Un pari perdu – Première de deux parties

L’attrait, les joies et les tristes conséquences d’une dépendance difficile à déceler

Soyons francs. Quand il est question de la sécurité des jeunes, le problème des jeux de hasard ne vient pas spontanément à l’esprit des éducateurs et des parents. On pense plutôt à la drogue, à l’alcool et au sexe.

Mais les experts en dépendances qui se spécialisent dans le jeu compulsif estiment nécessaire d’informer les jeunes des risques associés aux jeux de hasard, surtout si on considère que près de 40 % des adolescents s’y adonnent. Comme nous le rappellent ces experts, selon certaines études, les jeunes courent davantage de risques que les adultes de devenir des joueurs à problèmes et la plupart des joueurs pathologiques adultes ont commencé à jouer à la préadolescence.

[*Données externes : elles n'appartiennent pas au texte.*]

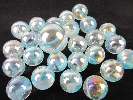 25 Glass Marbles ICE QUEEN Blue/White Clear Iridescent game pack Shooter
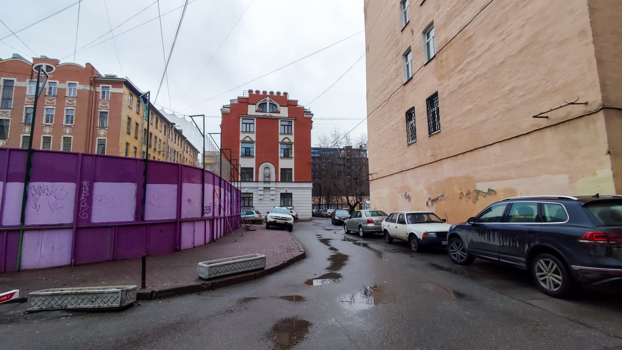 На снимке изображён узкий внутридворовый проезд между жилыми домами в Санкт-Петербурге. Справа — фасад старого дома с потертой штукатуркой, слева — фиолетовое ограждение спортивной площадки и краснокирпичное здание с декоративными элементами начала XX века. Асфальт влажный после осадков, вдоль улицы припаркованы автомобили. Атмосфера пасмурного дня создаёт характерный городской пейзаж Петербурга. Фото подходит для тем о городской архитектуре и урбанистике.
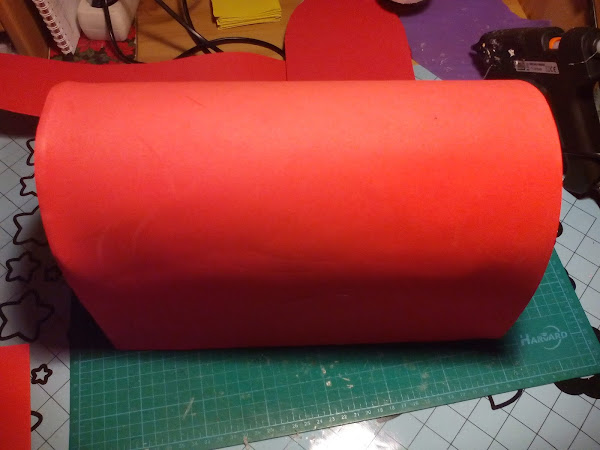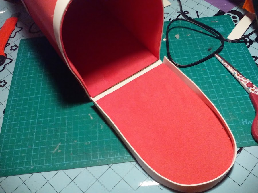 2. Ahora haremos la estructura, uniendo con un pliego de goma Eva de 32 * 49 cm. Para ello pegamos sólo uno de los lados del buzón, el otro será la puerta.
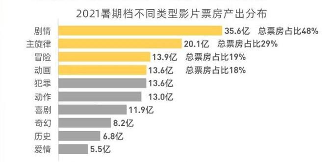 在暑期档期间上映的不同类型影片中,“剧情类”电影票房产出最高,贡献总票房35.6亿,占据总票房的48%;主旋律电影的贡献排名紧随其后,以20.1亿总票房占到总票房的29%。爱情电影在暑期档表现平平,只收获了5.5亿的票房。动画电影类型中,《白蛇传2:青蛇劫起》表现优异,贡献了18%的票房。
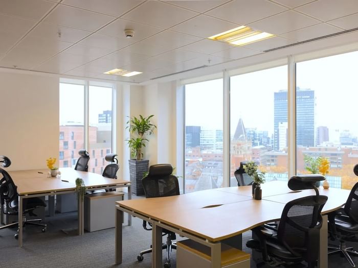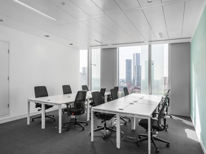 workin.space accompanies you with a local expert to rent an equipped office in Manchester in 2025: furniture, Wi-Fi, printers, reception, meeting rooms. All spaces are ready to use and available with no agency fees.
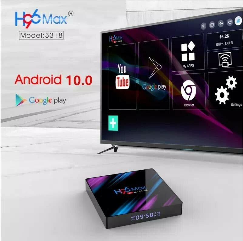 H96 Max Smart Android TV Box Android 10, peut transformer votre téléviseur et moniteur LCD traditionnels en un centre multimédia en se connectant à Internet (via WiFi ou RJ45). Cette Smart Android TV Box vous apportera beaucoup de plaisir et de commodité avec sa fonctionnalité puissante: Android 10.0, 4 Go de RAM + 32 Go ROM/ 4K de décodage de matériel vidéo 5G WiFi, BT5.0. Branchez-le simplement sur votre téléviseur et vous êtes prêt à partir!
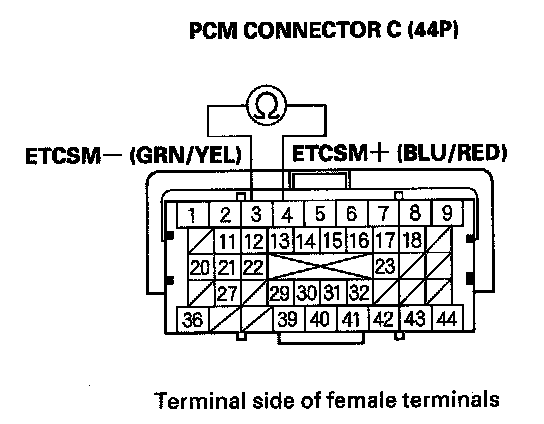 NO - Repair short in the wires between PCM C3 (ETCSM-line) and C4 (ETCSM+line), then go to step 7.
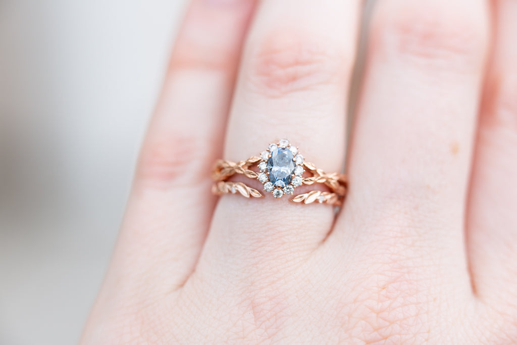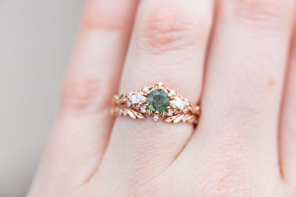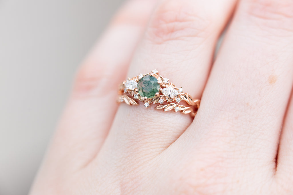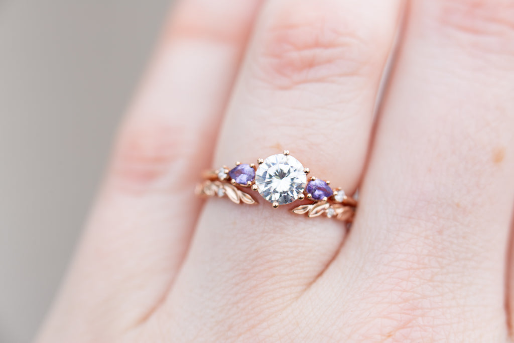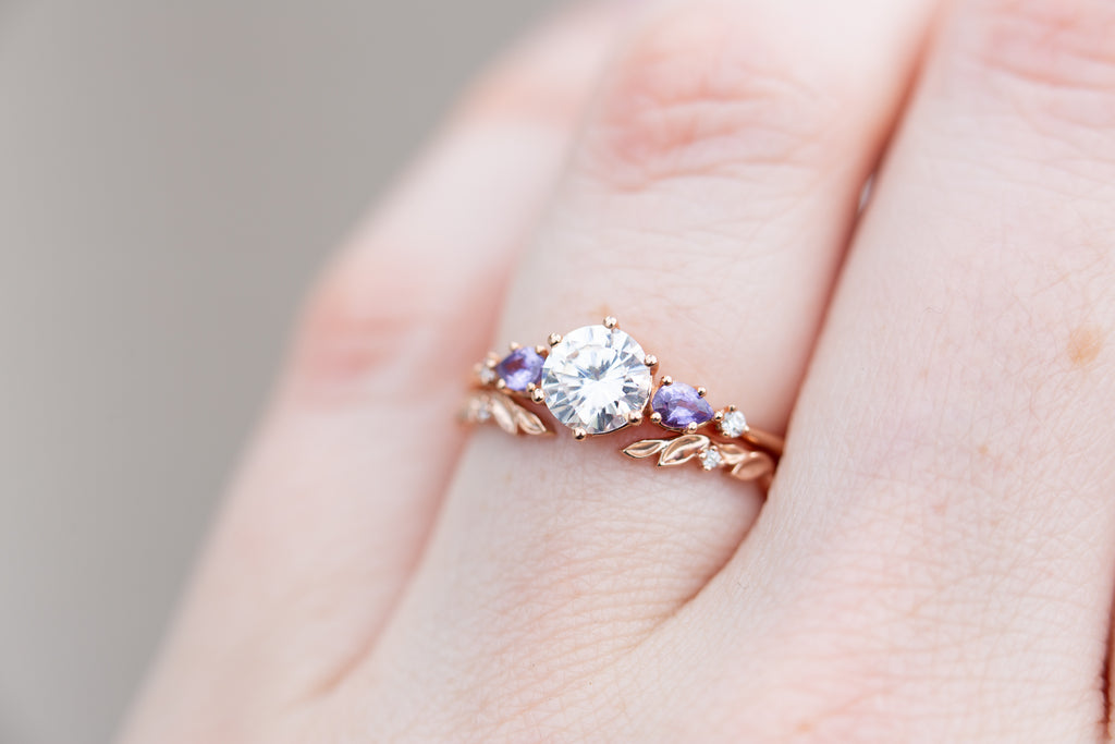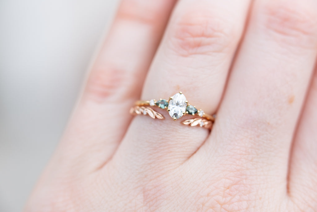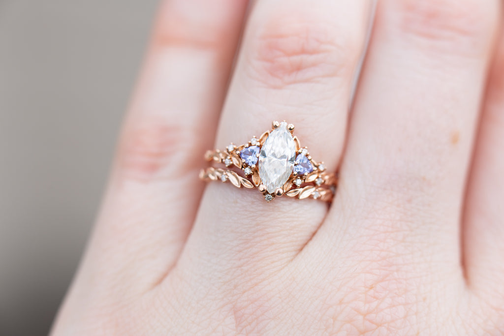 - Two, 1mm stones are place inside the curves of the leaves, giving this ring a little extra sparkle

« Les jeunes apprennent très tôt les comportements du jeu. Les jeux de hasard sont ancrés dans notre société, dans notre langage », explique David Horricks, directeur général de la division des services d’aide communautaire à la direction générale des politiques sur le jeu de la Colombie-Britannique. « La promotion du jeu est omniprésente. Elle montre toujours des gens qui ont beaucoup de plaisir. »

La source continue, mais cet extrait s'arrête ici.